» DATA PROVIDED
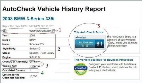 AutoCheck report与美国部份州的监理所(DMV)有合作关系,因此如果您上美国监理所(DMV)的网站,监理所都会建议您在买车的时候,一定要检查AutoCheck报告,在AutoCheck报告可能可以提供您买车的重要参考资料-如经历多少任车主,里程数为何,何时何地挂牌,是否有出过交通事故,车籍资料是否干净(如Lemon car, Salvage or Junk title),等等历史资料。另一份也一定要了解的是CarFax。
--
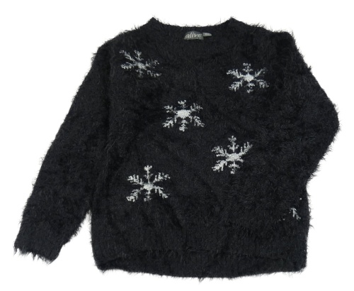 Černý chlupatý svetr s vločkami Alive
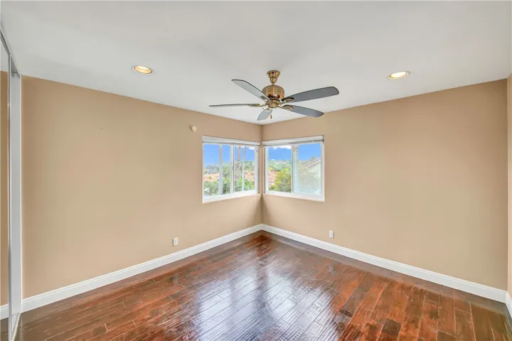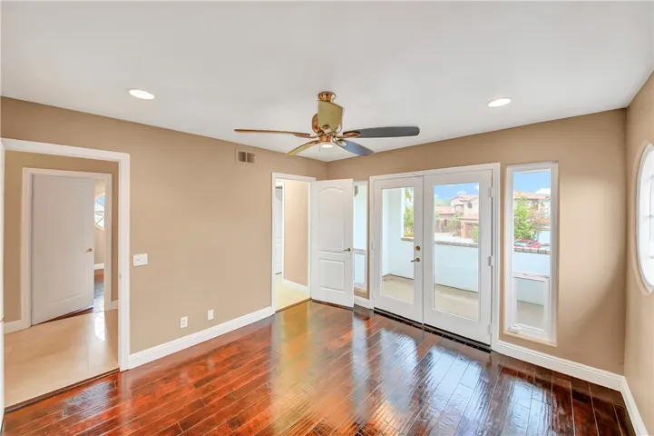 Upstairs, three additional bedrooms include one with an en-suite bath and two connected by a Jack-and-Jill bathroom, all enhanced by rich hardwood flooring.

» REQUIRED ACTION
Exact copy, no pictures. Write out the lines in the entries above, starting with the line with "Černý chlupatý svetr s vločkami Alive" and going on through the line with "Upstairs, three additional", keeping both.

» EXERCISE OUTPUT
 Černý chlupatý svetr s vločkami Alive
 Upstairs, three additional bedrooms include one with an en-suite bath and two connected by a Jack-and-Jill bathroom, all enhanced by rich hardwood flooring.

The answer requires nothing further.